• Goal of the exercise:
Where a line contains "Полевые маргаритки вянут", begin there and restate word for word every line to the end of the entries below, pictures excluded.

• Data listing:
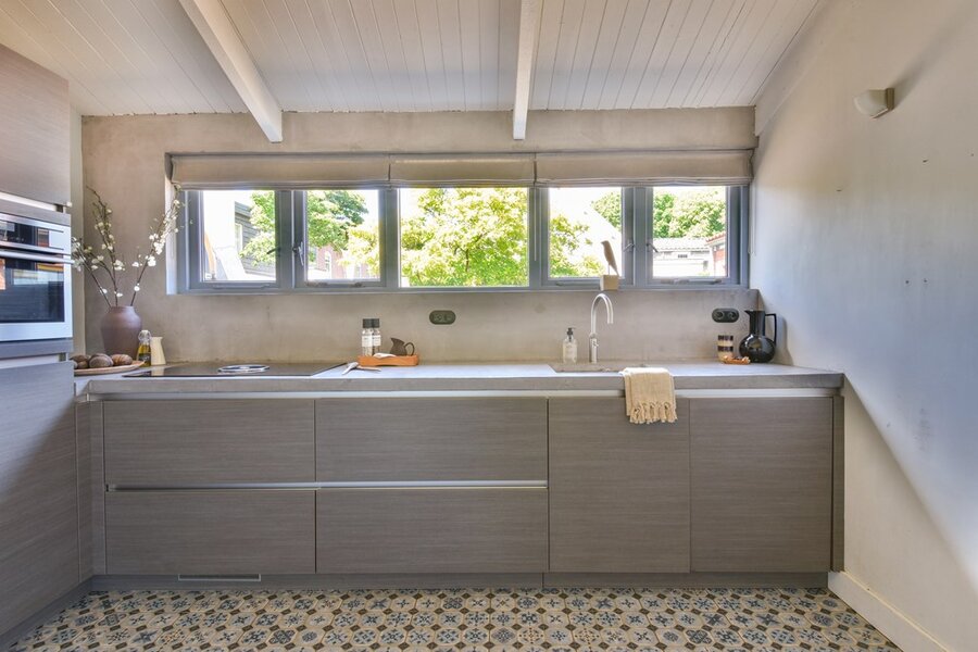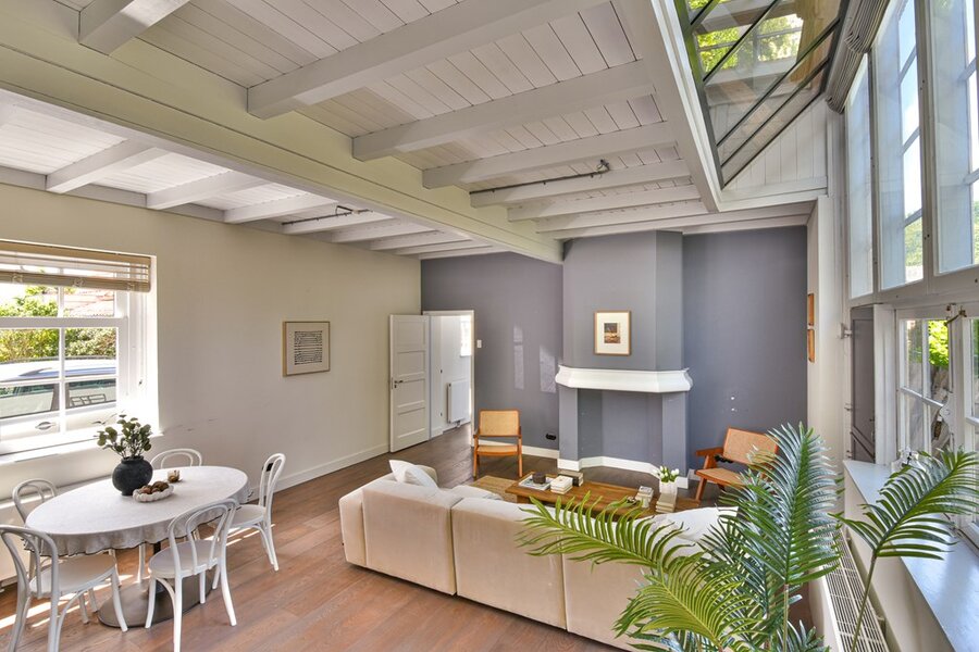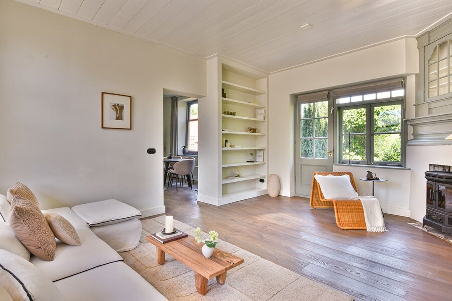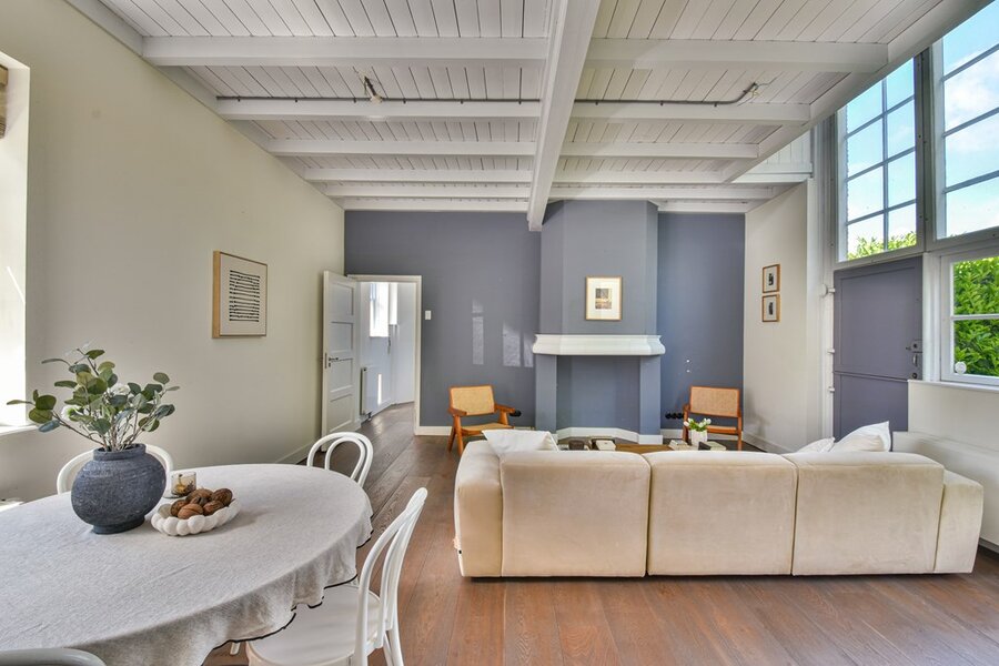 Vanuit de hal betreedt u een royale doorloopkamer die op verschillende manieren gebruikt kan worden — als werkruimte, atelier of extra zitkamer. De kamer ademt rust en eenvoud, met het licht dat op natuurlijke wijze binnenvalt via de ramen met karakteristieke roedeverdeling. Vanuit hier is er toegang tot de moderne badkamer én tot een charmante (slaap)kamer, die dankzij het raam met roedeverdeling een prachtig uitzicht biedt op de groene achtertuin.
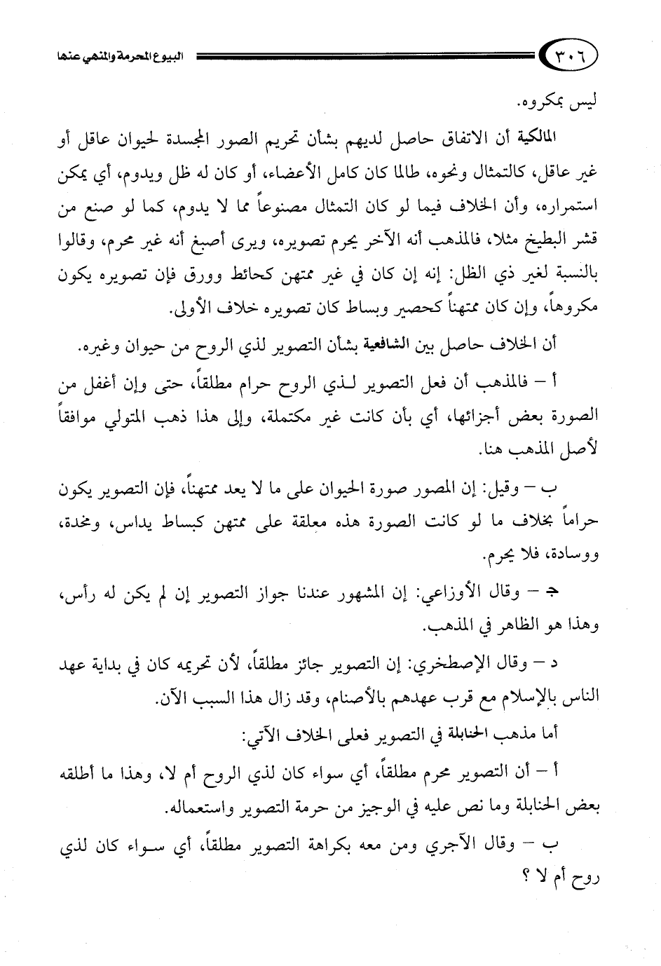 ب – وقال الآجري ومن معه بكراهة التصوير مطلقاً، أي سواء كان لذي روح أم لا؟
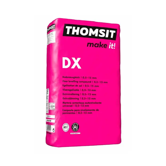 Zeer emissiearm, kunststofgemodificeerd, cementgebonden vloeregaliseermiddel voor het maken van ondergronden die conform de normen zijn en kunnen worden belegd met vloerbedekking en parket. THOMSIT DX is een kwaliteitsegaliseermiddel voor woning- en utiliteitsbouw en kan worden gebruikt op een geschikte ondergrond:
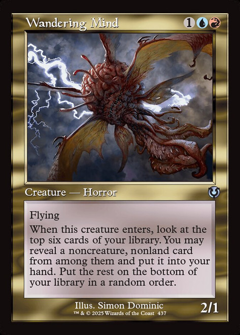 Flying When Wandering Mind enters, look at the top six cards of your library. You may reveal a noncreature, nonland card from among them and put it into your hand. Put the rest on the bottom of your library in a random order.
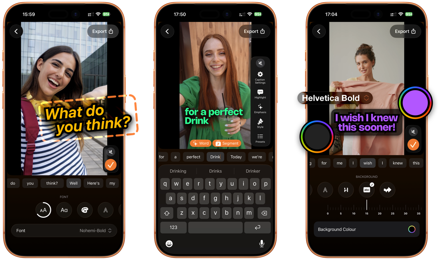 With Captions, your video doesn’t need to be uploaded or posted to a social pltform just to add subtitles. Everything happens on your device. You import your video, generate captions, customise the look, and export a finished file — ready to share anywhere.
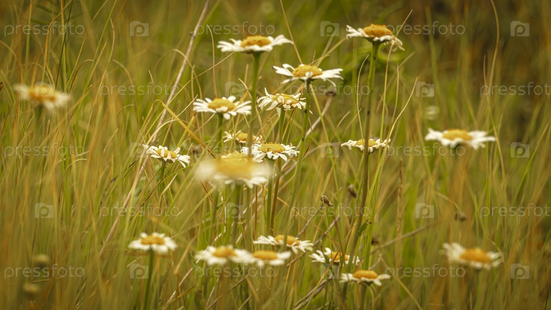 Полевые маргаритки вянут под жарким солнцем в засушливое лето
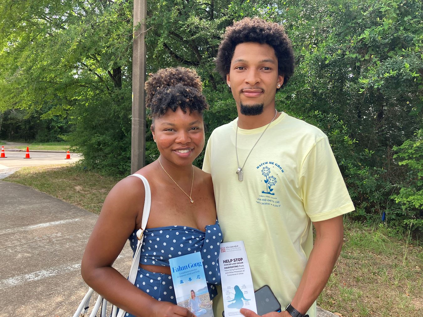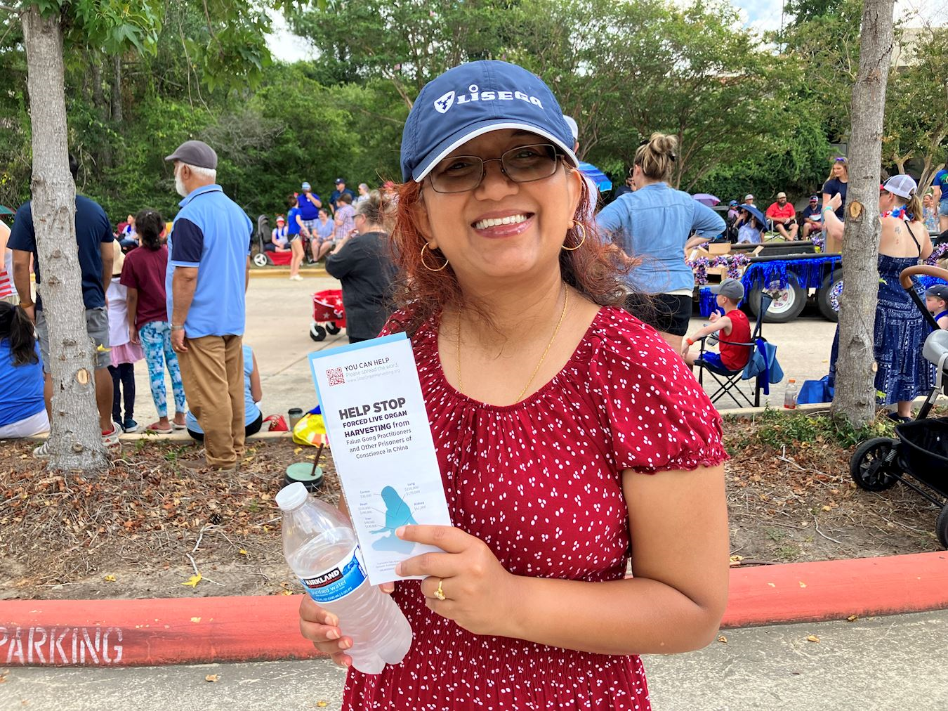 塔尼娅(Tanya)刚刚从新泽西来到德州,正好赶上这次游行活动,她看到法轮功的信息非常兴奋,很赞同“真善忍”的价值,她说:“法轮功对身心都有益,这太好了,我需要他。”
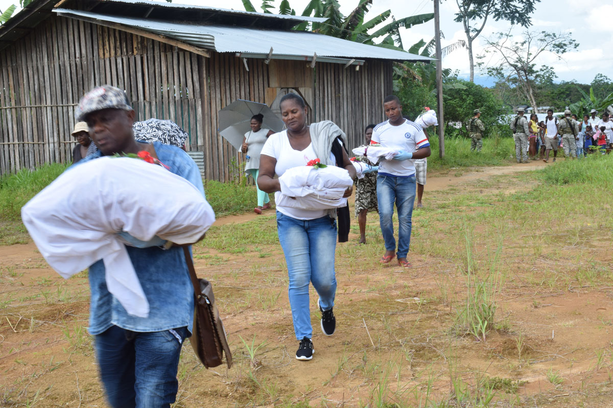Familiares llevan en procesión los cuerpos de sus familiares hacia el helicóptero que los llevará a Medellín. Mayo, 2017, Bellavista Nuevo. Foto: Comité.
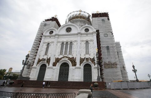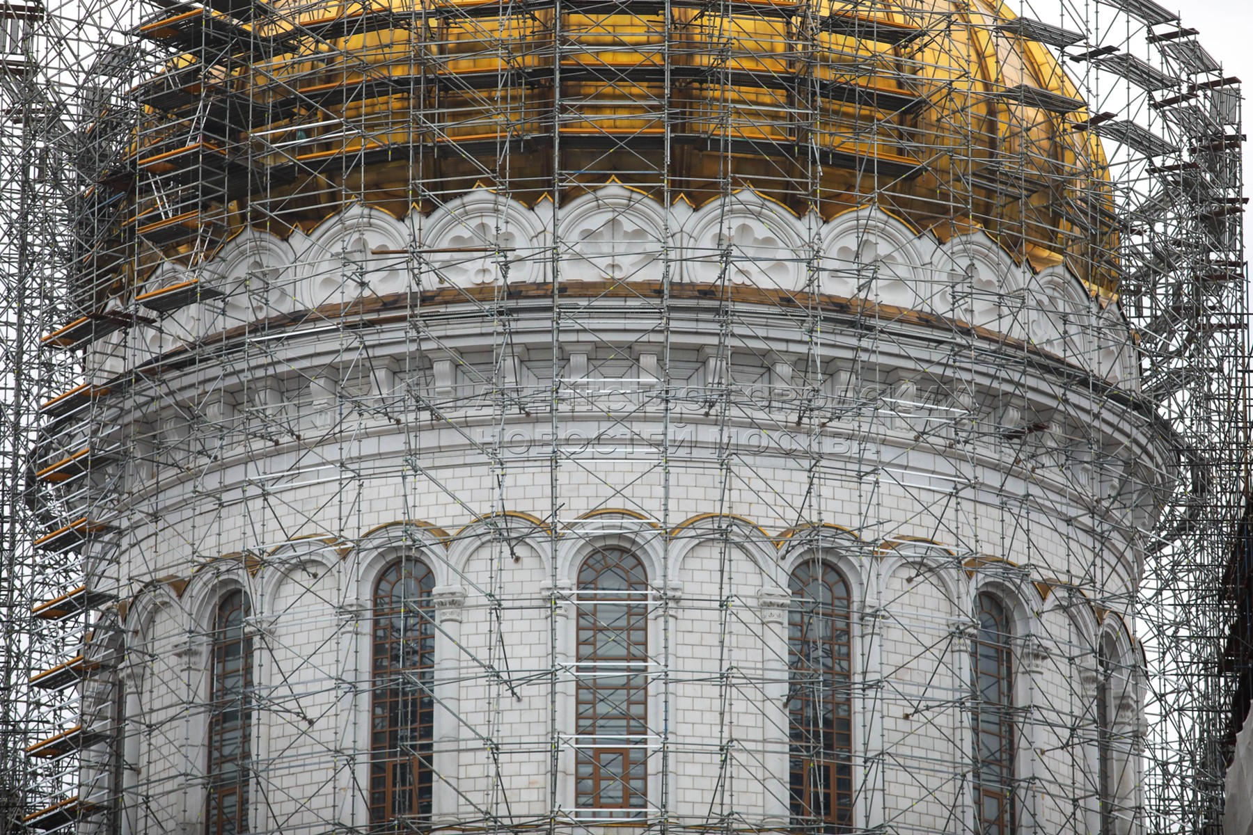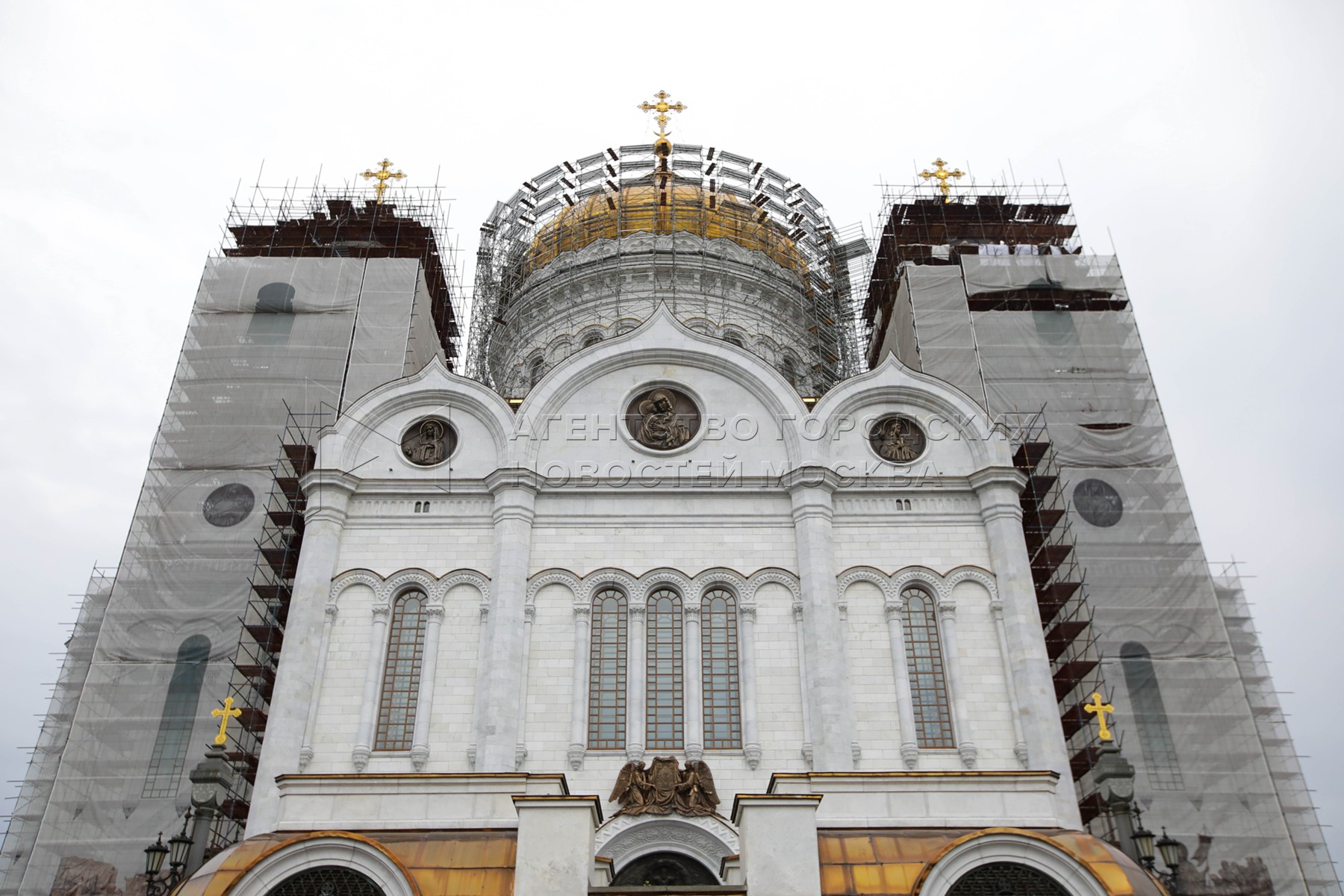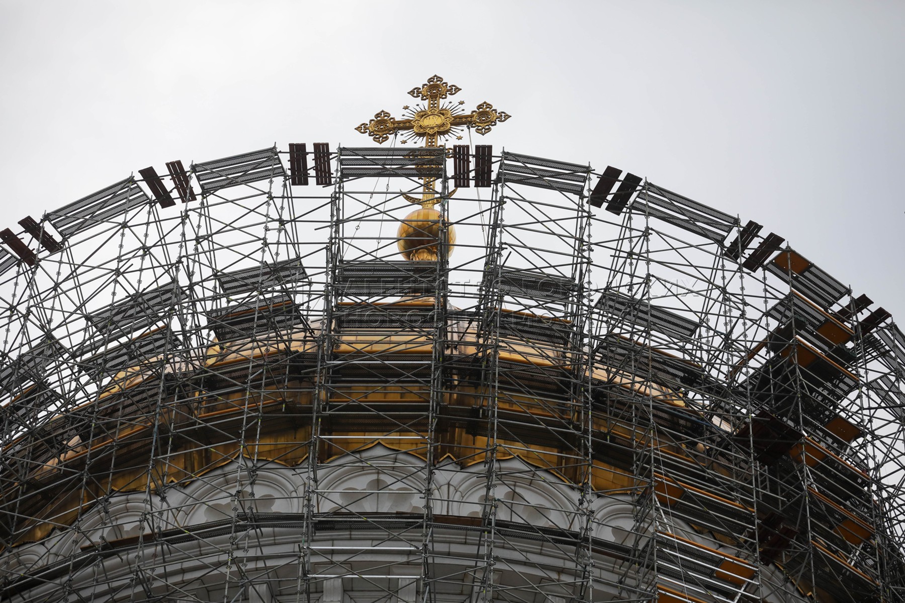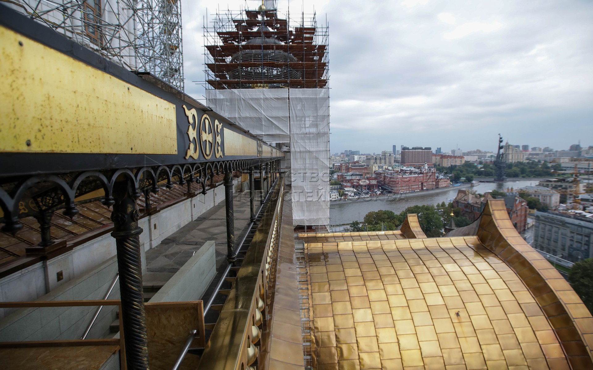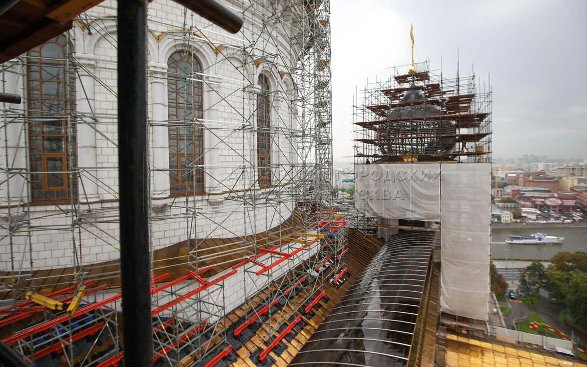 Реставрация куполов четырех звонниц храма Христа Спасителя в центре столицы.

• Problem solution:
 Полевые маргаритки вянут под жарким солнцем в засушливое лето
 塔尼娅(Tanya)刚刚从新泽西来到德州,正好赶上这次游行活动,她看到法轮功的信息非常兴奋,很赞同“真善忍”的价值,她说:“法轮功对身心都有益,这太好了,我需要他。”
Familiares llevan en procesión los cuerpos de sus familiares hacia el helicóptero que los llevará a Medellín. Mayo, 2017, Bellavista Nuevo. Foto: Comité.
 Реставрация куполов четырех звонниц храма Христа Спасителя в центре столицы.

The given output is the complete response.